══ DATA FOR THIS TASK
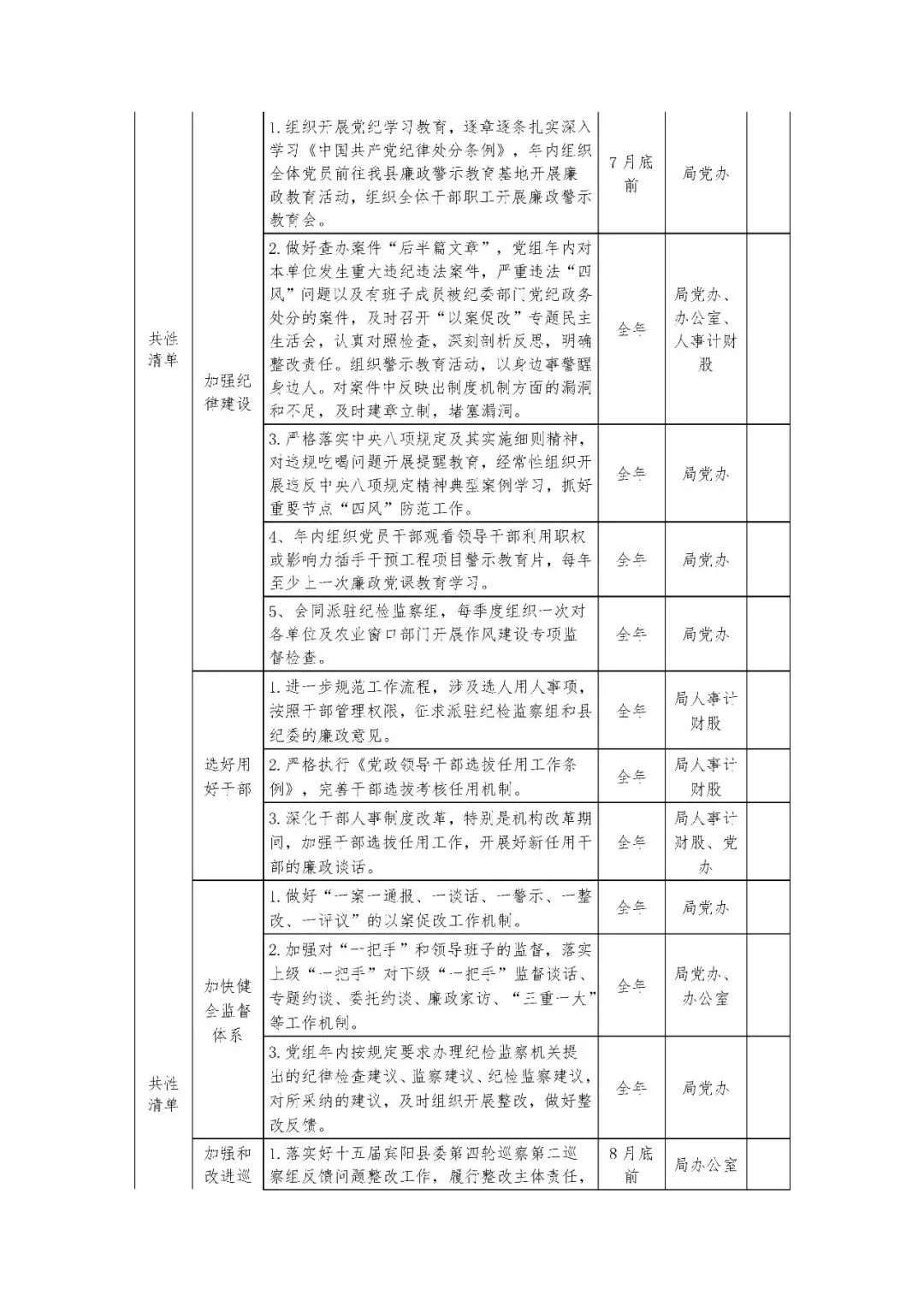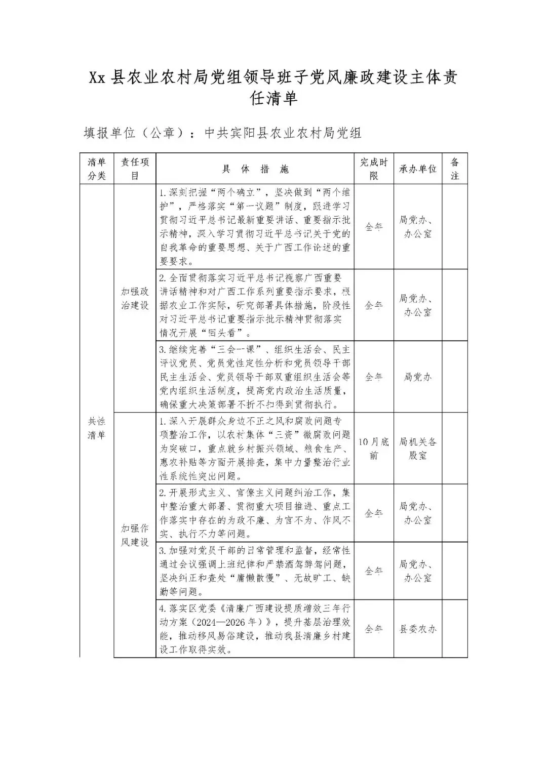 Xx县农业农村局党组领导班子党风廉政建设主体责任清单
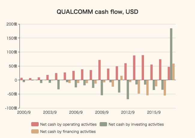 クアルコムについては以前(現代ワイヤレス通信を支えるクアルコムの事業について調べる)取り上げたこともありましたが、今回は2000年頃の事業数値までさかのぼって見てみたいと思います。
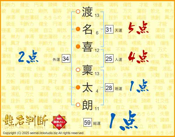 渡(13画)名(6画)喜(12画) 稟(13画)太(4画)朗(11画)
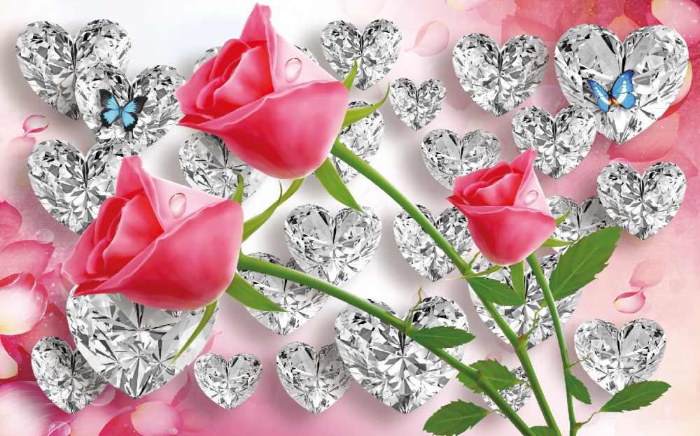 Tapeta Fototapeta czerwone róże i diamenty (artykuł a90112 ) z kategorii Fototapety 3D
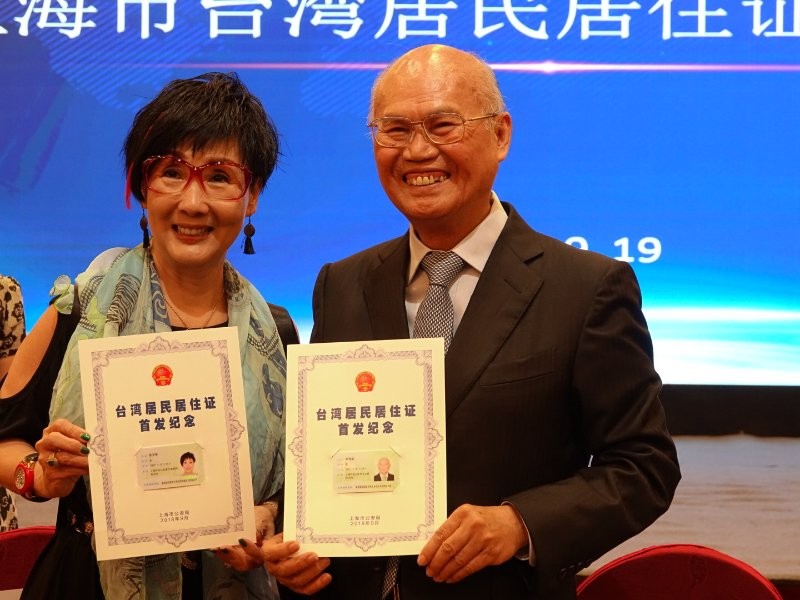 ▲拿到「001」首張上海台灣居民居住證的是前上海台協會長李茂盛(右)。(圖/上海市台辦提供)
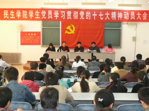 高举中国特色社会主义伟大旗帜,坚持科学发展观,使全院师生的思想统一到党的十七大精神上,近日,民生学院积极展开学习贯彻党的十七大精神系列活动。
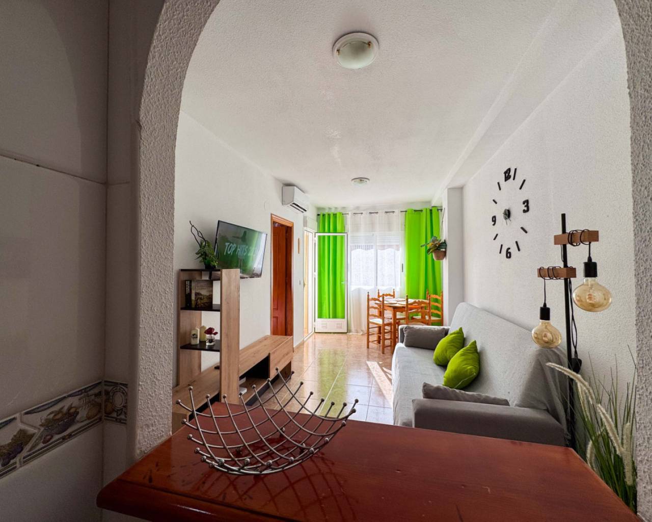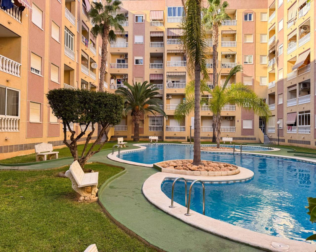 Este apartamento renovado de 1 dormitorio en Torrevieja, ubicado a solo 850 metros de la playa y junto al Parque de las Naciones, ofrece una combinación ideal de comodidad y ubicación. Con 46 m² bien distribuidos, forma parte de una urbanización cuidada con una gran piscina comunitaria y recibe abundante luz natural durante todo el día gracias a su orientación soleada. El apartamento incluye un salón amplio, cocina totalmente equipada, dormitorio luminoso con amplio almacenamiento y baño renovado. Se entrega completamente amueblado con mobiliario moderno y aire acondicionado nuevo, listo para entrar a vivir. Perfecto como casa de vacaciones, oportunidad de inversión o residencia permanente, está cerca de todos los servicios como tiendas, restaurantes y transporte público. No pierda la oportunidad de adquirir una propiedad encantadora cerca del mar en la soleada Torrevieja. Contáctenos para programar una visita, solicitar visita virtual o planos. Considere la opción de alquiler por temporada para inversión.
════
## EXERCISE PROMPT
The answer must be an exact copy of the lines above, from the start of the records through the line with "高举中国特色社会主义伟大旗帜", and of nothing else; no pictures belong in it.

## OUTPUT FOR THIS EXERCISE
 Xx县农业农村局党组领导班子党风廉政建设主体责任清单
 クアルコムについては以前(現代ワイヤレス通信を支えるクアルコムの事業について調べる)取り上げたこともありましたが、今回は2000年頃の事業数値までさかのぼって見てみたいと思います。
 渡(13画)名(6画)喜(12画) 稟(13画)太(4画)朗(11画)
 Tapeta Fototapeta czerwone róże i diamenty (artykuł a90112 ) z kategorii Fototapety 3D
 ▲拿到「001」首張上海台灣居民居住證的是前上海台協會長李茂盛(右)。(圖/上海市台辦提供)
 高举中国特色社会主义伟大旗帜,坚持科学发展观,使全院师生的思想统一到党的十七大精神上,近日,民生学院积极展开学习贯彻党的十七大精神系列活动。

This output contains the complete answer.